United States District Court, N.D. Ohio, Eastern Division

February 13, 2018




         Proceeding pro se, plaintiff John J. Sharkey (“Sharkey”) has brought this action under the Freedom of Information Act (“FOIA”), 5 U.S.C. § 552a, to compel disclosure by defendant United States Department of Justice (“USDOJ”) of records that he believes will demonstrate that some person or persons have altered records at his place of employment to discredit him and have attempted to interfere with his efforts to hire counsel. (Doc. No. 1 (Complaint [“Compl.”]).) The Federal Bureau of Investigation (“FBI”) previously responded to Sharkey's FOIA requests by advising Sharkey that it searched its main file records but was unable to locate any documents responsive to his requests. Additionally, the FBI produced certain non-exempt records related to Sharkey, even though they were not responsive to his FOIA requests. USDOJ now moves for summary judgment, maintaining that the FBI satisfied its obligations under the FOIA with respect to Sharkey's document requests. (Doc. No. 22 [“MSJ”].) Sharkey did not file a response to USDOJ's dispositive motion, and the time for responding has passed.

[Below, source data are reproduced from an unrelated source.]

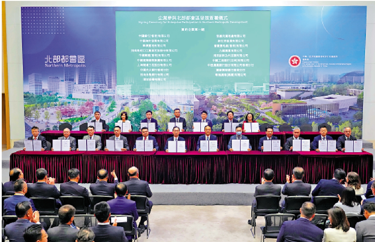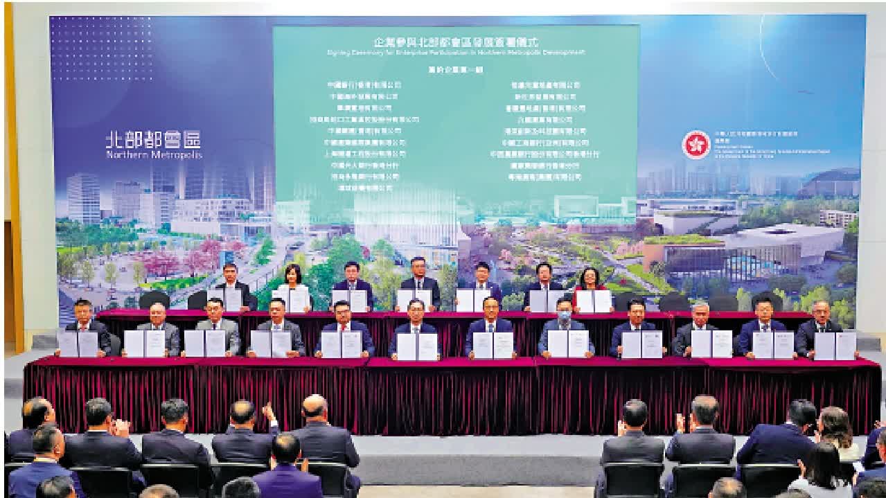 特區政府上月底舉行「企業參與北部都會區發展簽署儀式」,85間企業分批上台簽署「支持及參與北部都會區發展」的一般意向書,包括多家本地地產發展商,以及多家內地龍頭企業,顯示商界對於北都區發展的期盼與重視。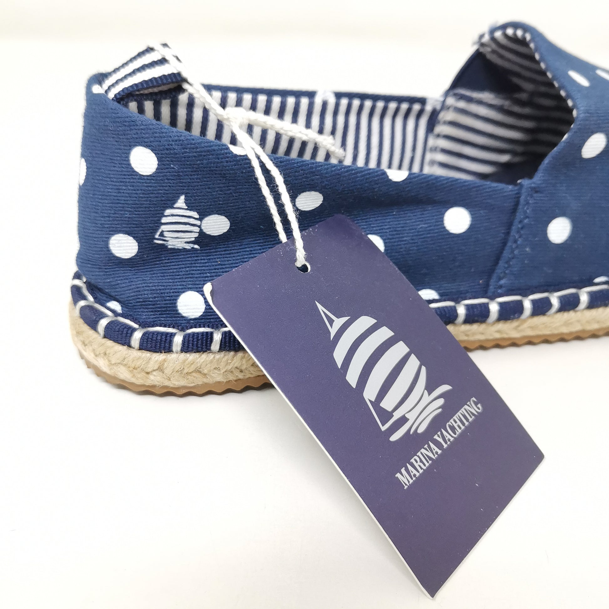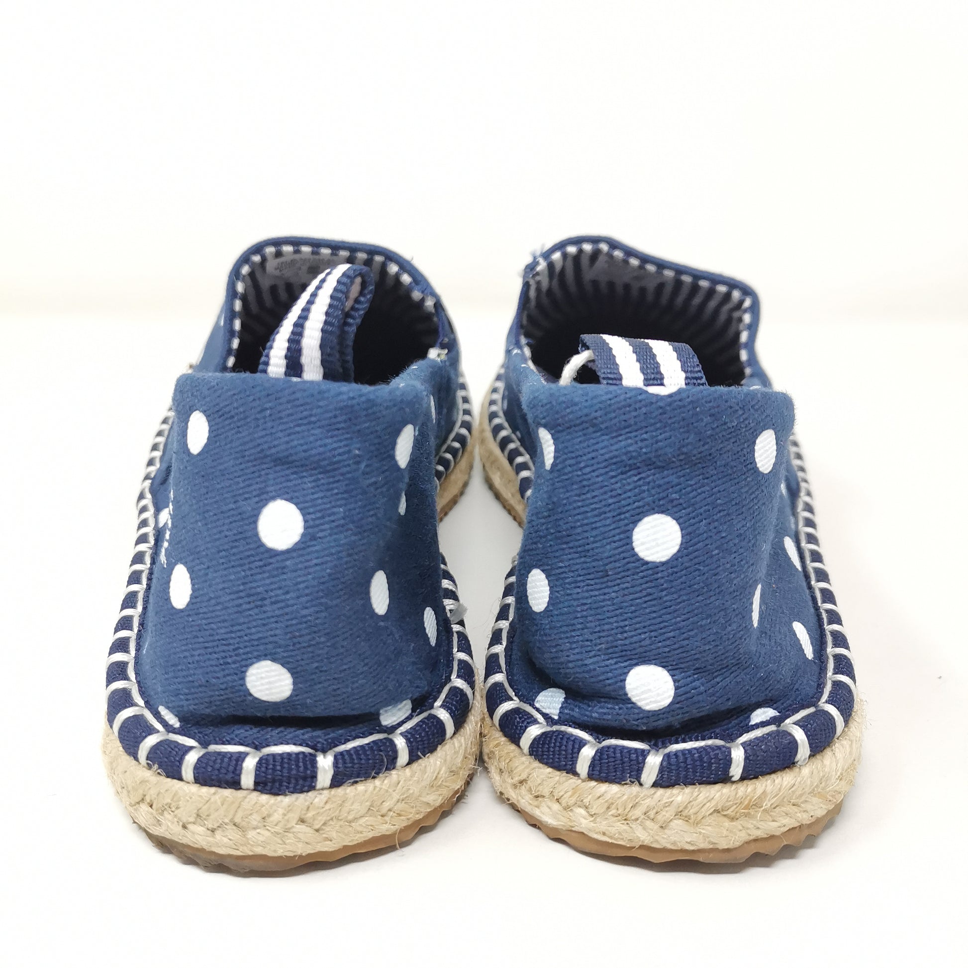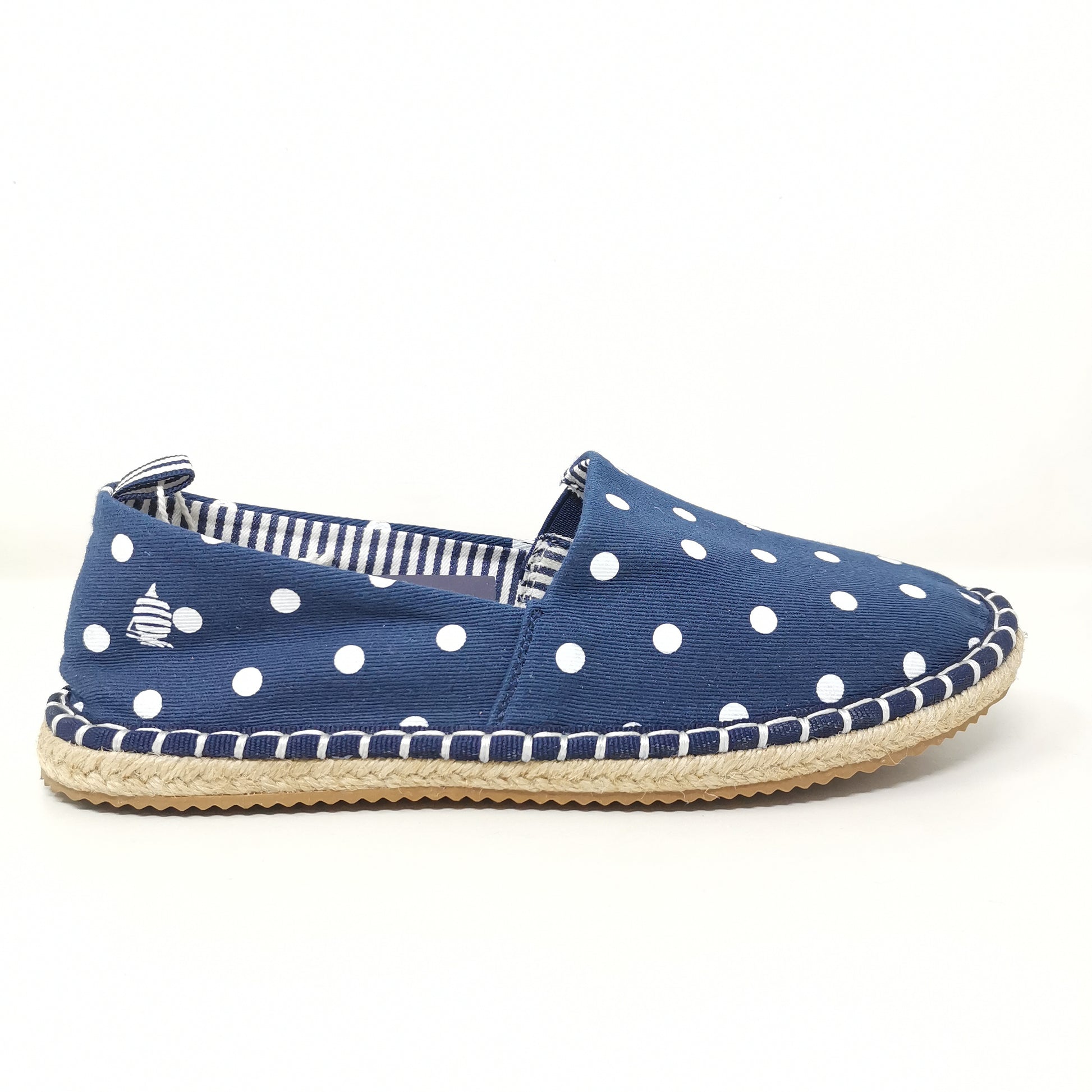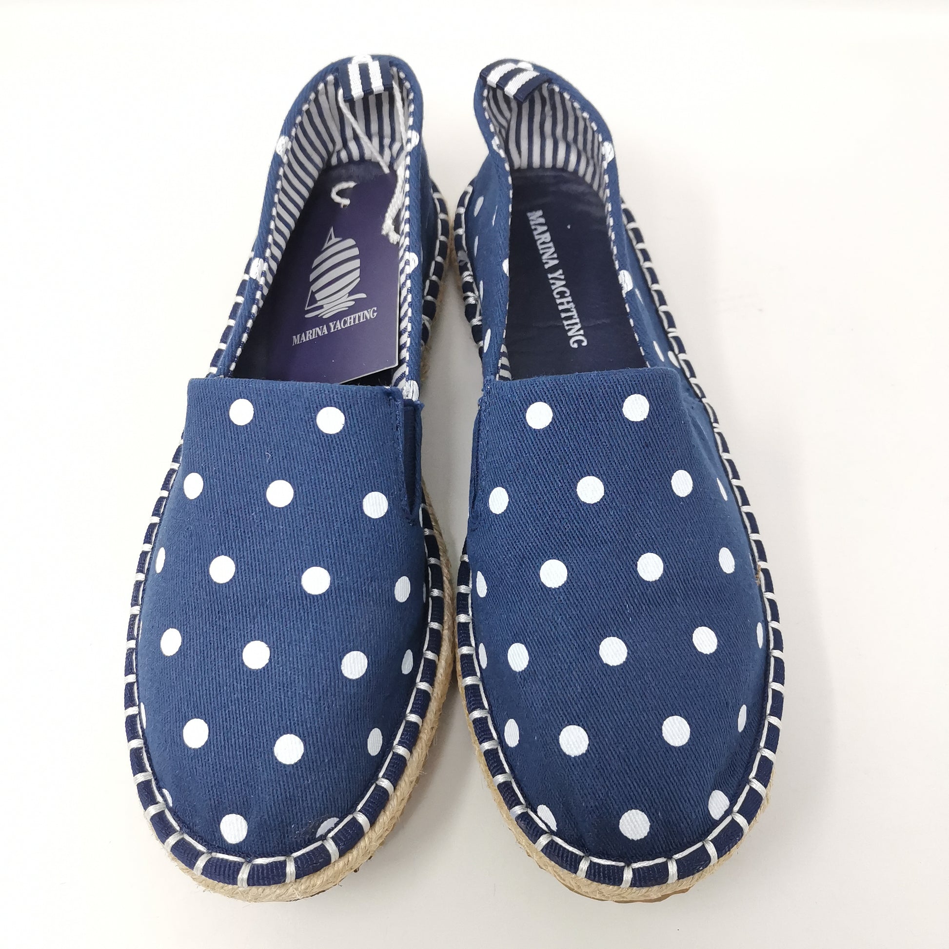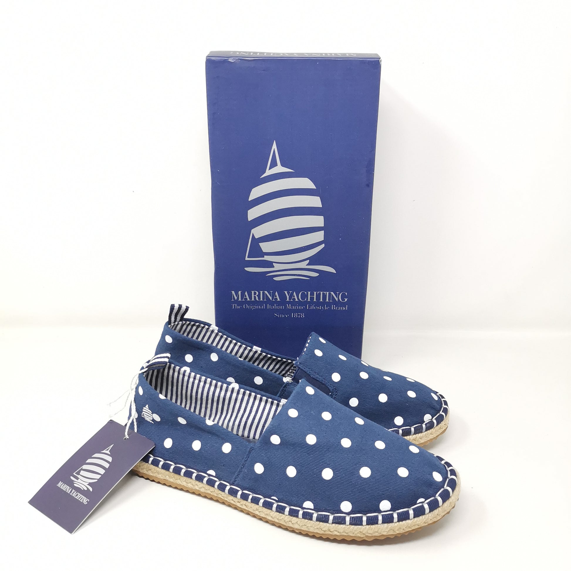 Slip on in blue canvas with white polka dots, complete with tag and box. Non-marking rubber outsole and beige rope overlay. The insole measures 24 cm. White contrast stitching. Complete with tags and original box. Size 37 EU, fit 36.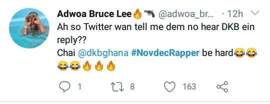 So the novdec no how many times mdk rep 😂😂#NovDecRapper dkb fool pass😂 pic.twitter.com/lWTYMj4yjL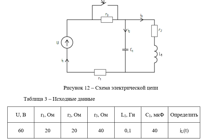 Задана электрическая схема (см. рисунок 12). Исходные данные для схемы приведены в таблице 3. В цепи действует постоянная ЭДС Е. Рассчитать переходный процесс в цепи и определить закон изменения во времени тока в ветви с индуктивностью или напряжение на емкости. Построить графики iL(t) или uC(t).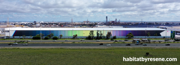 Mural artist DREZ, @d.r.e.z, transformed the side of the ESR warehouse at Laverton in Victoria, with ‘Chromatic Oscillation’, a 2000m2-plus mural in his distinctive style. Image courtesy of Studio DREZ .

For the reasons set forth below, the Court will grant USDOJ's motion.

         I. Background

         In his complaint, Sharkey alleges that, since 2009, he has been engaged in investigating acts of securities fraud by “extremely wealthy and powerful entities” in anticipation of filing a civil enforcement action under the Racketeer Influenced and Corrupt Organizations Act (“RICO”). (Compl. ¶¶ 12, 15-17.) He believes that the government has engaged in illegal surveillance of his activities, and has attempted to interfere with his efforts to retain counsel to prosecute his civil RICO action, in a concerted effort to deny him “whistleblower bount[ies]” due by the Securities Exchange Commission (“SEC”). (Id. ¶¶ 16-17, 23-26.)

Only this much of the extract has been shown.